A denúncia do MP-RN sustenta que Halisson cometeu o assassinato por motivo fútil: ele teria trabalhado para a vítima durante seis meses sem receber. Essa motivação, e a suposta confissão do crime, teriam sido relatadas por uma testemunha, João (nome fictício), com quem o capoeirista teria conversado logo após o crime. Halisson, porém, afirmou nunca ter conhecido essa pessoa.
Entre as testemunhas ouvidas, nenhuma presenciou o crime. Uma relatou ter ouvido sobre o caso de terceiros, que nem sequer foram ouvidos em juízo. Outra afirmou ter estado com Halisson e a vítima naquela noite, mas se separou antes do ocorrido. O juiz escreveu:
“Os elementos devem apontar, de maneira satisfatória, a autoria do delito. No presente caso verifica-se a insuficiência de elementos aptos a autorizar a pronúncia”.
Apesar da decisão de primeira instância, o MP-RN recorreu. Em dezembro de 2021, a Câmara Criminal do TJ-RN decidiu pela pronúncia de Halisson. O acórdão afirma que o homem teria agido com comparsas para roubar celular e dinheiro da vítima, tipificação que configura crime de latrocínio. Mesmo assim, não houve reformulação da denúncia e o capoeirista foi levado a júri popular por homicídio.

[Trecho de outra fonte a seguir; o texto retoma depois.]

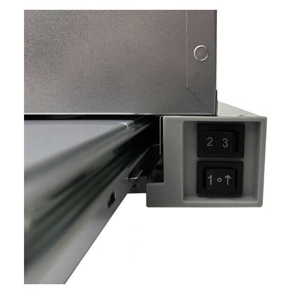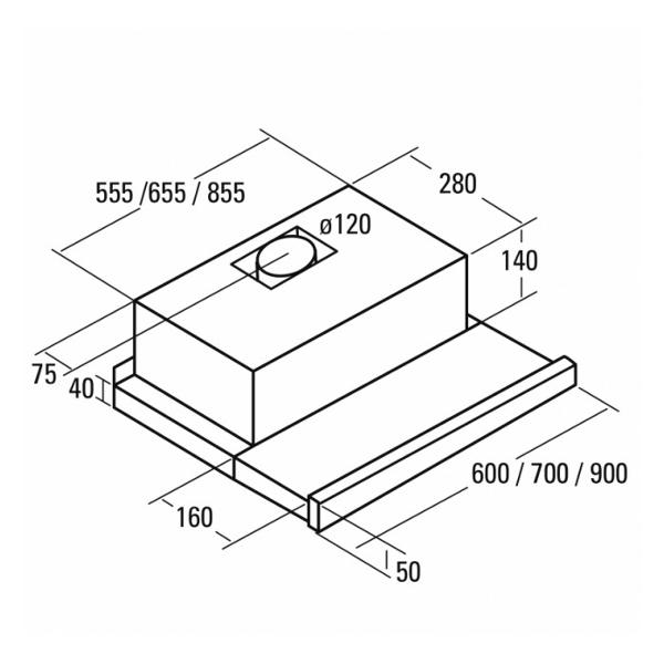 Cata TF-2003 Duralum 700/D — встраиваемая вытяжка планшетного типа в корпусе из нержавеющей стали. Она снабжена выдвижной панелью, благодаря чему вдвое увеличивается рабочая площадь. Передняя панель типа Duralum обладает защитным покрытием. Она снимается для очистки.
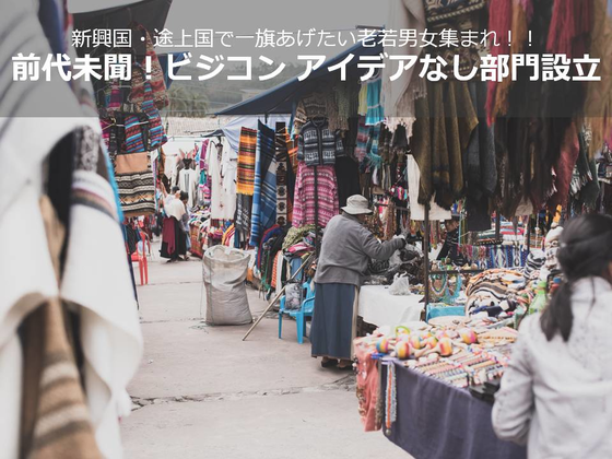 今回で第4回目の開催となります「40億人のためのビジネスアイデアコンテスト(仮)」、今回より 新部門として「やる気だけ部門」を設置いたしました。この部門は、「途上国で一旗あげたい」や「途上国の社会課題を解決したい」と考えながらも、具体的なアイデアがなく、どうしたものかとお悩みの方々のための部門です!
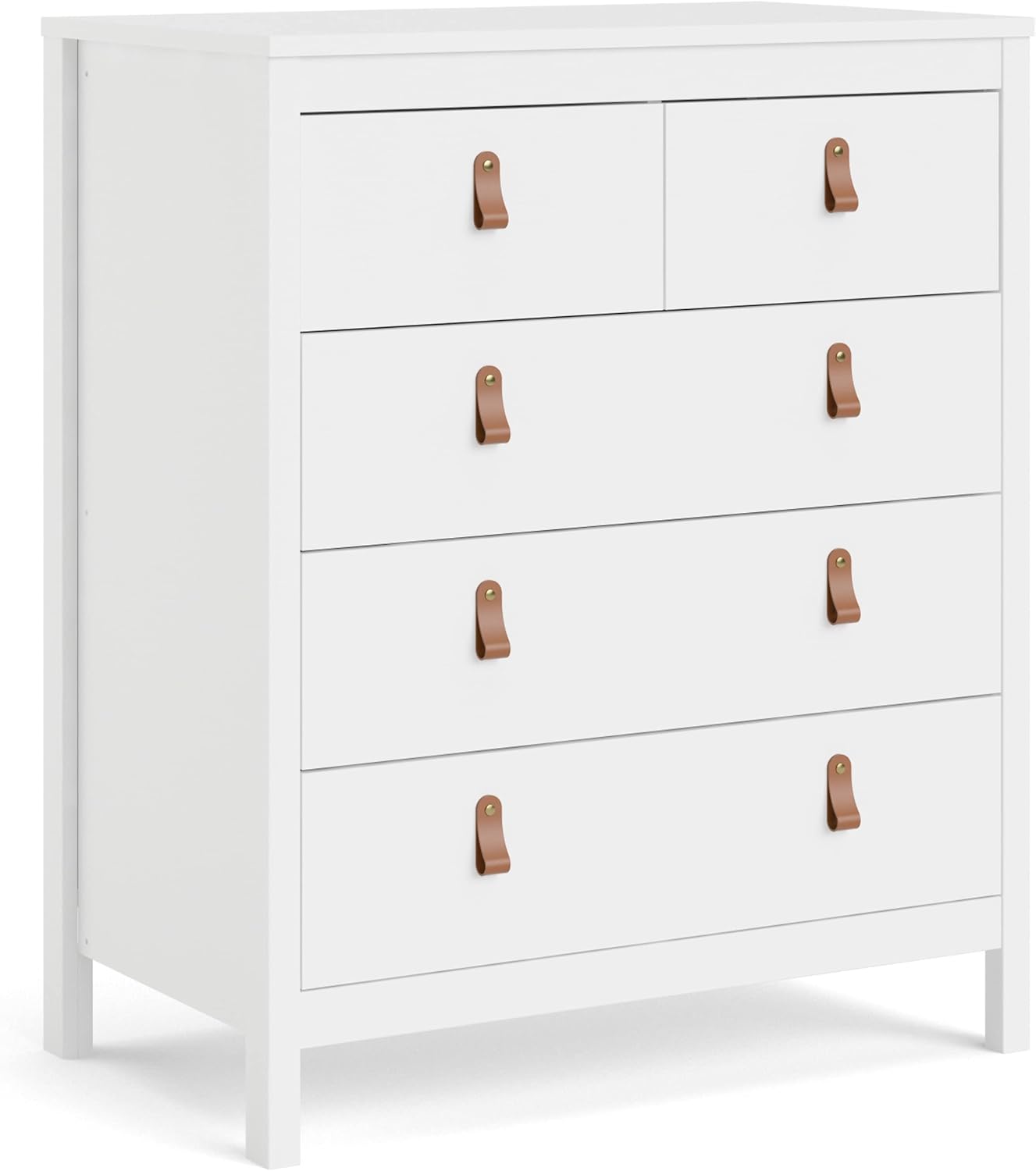 Enhance your bedroom or small space with the Madrid 5 Drawer Chest. It features a unique modern-traditional design that’s ideal for bedroom storage. The drawers are backed with metal drawer glides and comes with two types of handles-grey knobs and brown leather handles-to customize the look. The Madrid Chest has a durable foil surface that is easy to clean. Combine with other pieces from the Madrid collection to complete your bedroom space.

O relator, desembargador Glauber Rêgo, usou como base o relato de uma testemunha que ouviu dizer que Halisson confessou o crime a João. A condenação em abril foi por homicídio qualificado, com a agravante de dificultar a defesa da vítima.
A condenação de Halisson, baseada em boatos e com provas ignoradas, demonstra que a justiça brasileira, longe de servir ao povo, é uma ameaça constante, especialmente para a população negra. Trata-se de um sistema organizado para oprimir os pobres e os trabalhadores.
É fundamental a reformulação completa do sistema judiciário brasileiro. Seus membros devem ser eleitos a intervalos regulares, para que respondam diretamente ao povo e não aos interesses da burguesia.